08.12.22
Rank: #3 (Last year: #3)
$7.83 Billion
Prior Fiscal: $7.02 Billion
Percentage Change: +11.5%
R&D Expenditure: $497M
Best FY21 Quarter: Q4 $2.03B
Latest Quarter: Q2 $1.78B
No. of Employees: 19,500
Global Headquarters: Warsaw, Ind.
KEY EXECUTIVES:
Bryan Hanson, Chairman, President, and CEO
Ivan Tornos, COO
Suketu Upadhyay, Exec. VP, CFO
Kenneth Tripp, SVP, Global Operations and Logistics
Rachel Ellingson, SVP, Chief Strategy Officer
David Kunz, SVP, Global Quality and Regulatory Affairs
Sang Yi, President, Asia Pacific
Wilfred van Zuilen, President, Europe, Middle East and Africa
Commendations are in order for the prognosticators—authors like Philip K. Dick, Clifford Simak, Robert Heinlein, Michael Crichton, and others who envisioned 21st-century medicine long before its actual birth.
Simak, for example, concocted the idea for a regenerative tissue repair product (“Time is the Simplest Thing” 1961) half a century before the real stuff came along, courtesy of U.K. scientists.
Similarly, Heinlein wrote about sprayable skin for minor burn treatment (“The Puppet Masters” 1951), a full 67 years prior to U.S. Food and Drug Administration approval of Avita Medical’s spray-on skin system, RECELL.
Crichton beat AccuVein LLC to the punch for the automatic vein finder (40 years in advance), and Dick laid claim to artificial organs (“Cantata” 1964), electrical brain signal reading technology (“A Scanner Darkly” 1977), transdermal substance delivery (“Vulcan’s Hammer” 1960), and the artificial heart (“Dr.
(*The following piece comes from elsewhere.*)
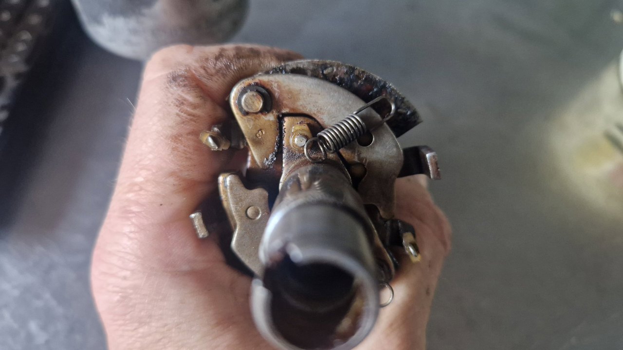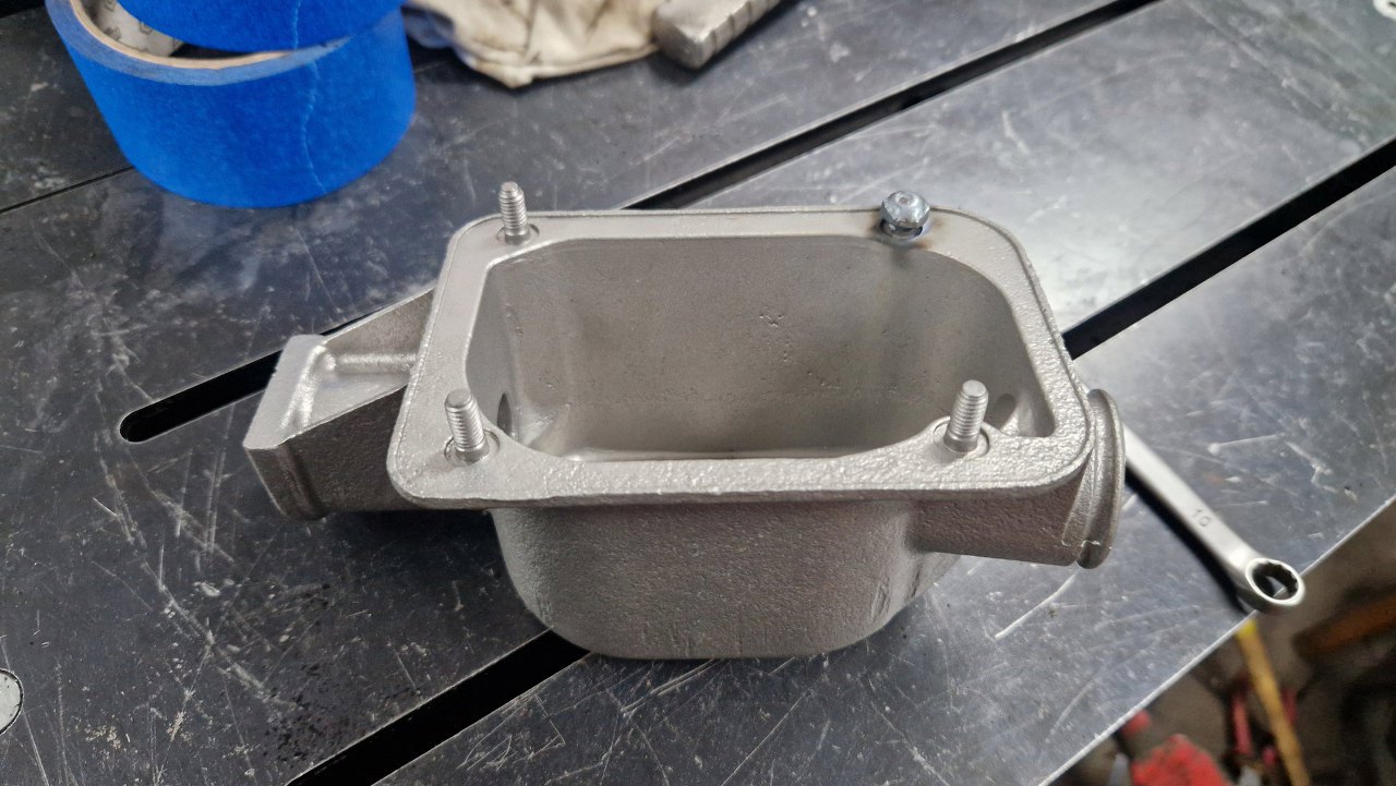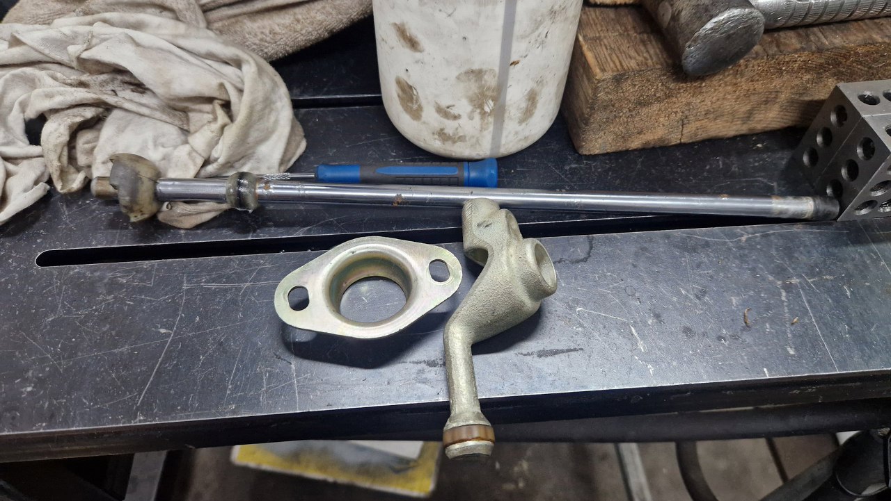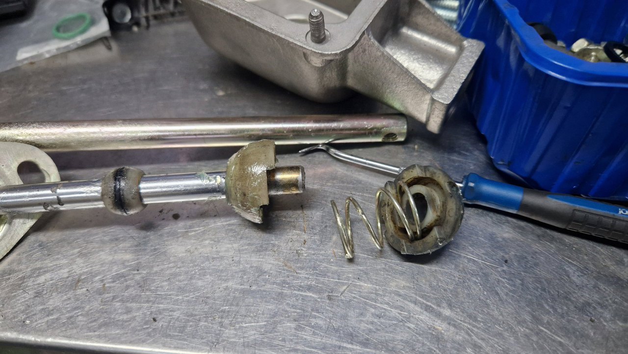 Zabieram się teraz za osprzęt silnika. Z zaległych rzeczy mam jednak jeszcze dźwignię zmiany biegów, którą też teraz ogarnę. Obudowa dźwigni miała jedną urwaną szpilkę, która stawiała zaskakujący opór przy wykręcaniu. Skończyło się na kilkunastu przyspawanych i urwanych nakrętkach i wizycie u frezera, który pozbył się jej skuteczniej niż ja.
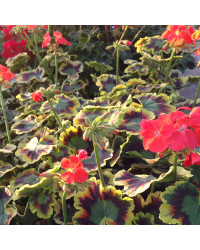 Le Geranium Zonal Panaché Mrs Pollock rouge, est originaire de L'Afrique du Sud. Il possède de magnifiques fleurs de couleur Rouge, sa longue floraison se passe aux mois de Avril, Mai, Juin, Juillet, Août, Septembre, Octobre, son feuillage a la particularité d'être Vert, Vert clair, Jaune, Rouge, Panaché, Décoratif, Dentelé, Rainuré, son exposition est plutôt Ensoleillé et Mi-ombragé. La plantation du Geranium Zonal Panaché Mrs Pollock rouge peut se faire en Bac, Pot, Jardinière, Pleine Terre. Pour une meilleure reprise de vos végétaux, privilégiez un sol plutôt drainé et argileux. Pour un résultat optimum et plus rapide, il est conseillé pour cette plante de planter 7 à 9pieds/m2, sa croissance est plutôt rapide. La résistance au froid du Geranium Zonal Panaché Mrs Pollock rouge est d'environ -4°C.

Futurity” 1960).
Curiously, though, none of these literary visionaries (or others) dreamed up a “smart” knee. The closest anyone came to such a whimsical notion was Martin Caidin, whose man-machine pairing in the 1972 best-seller “Cyborg” was later dramatized in the ABC series, “The Six Million Dollar Man.”
Alas, Caidin and his cohorts lost bragging rights to a self-assessing artificial joint that “talks” to doctors. Despite their impressive prophetic prowess, those authors never imagined—or perhaps never thought it possible—to combine sensor technology with an artificial joint.
William Hunter, however, knew better. He was convinced the combination was not only possible, but likely revolutionary as well.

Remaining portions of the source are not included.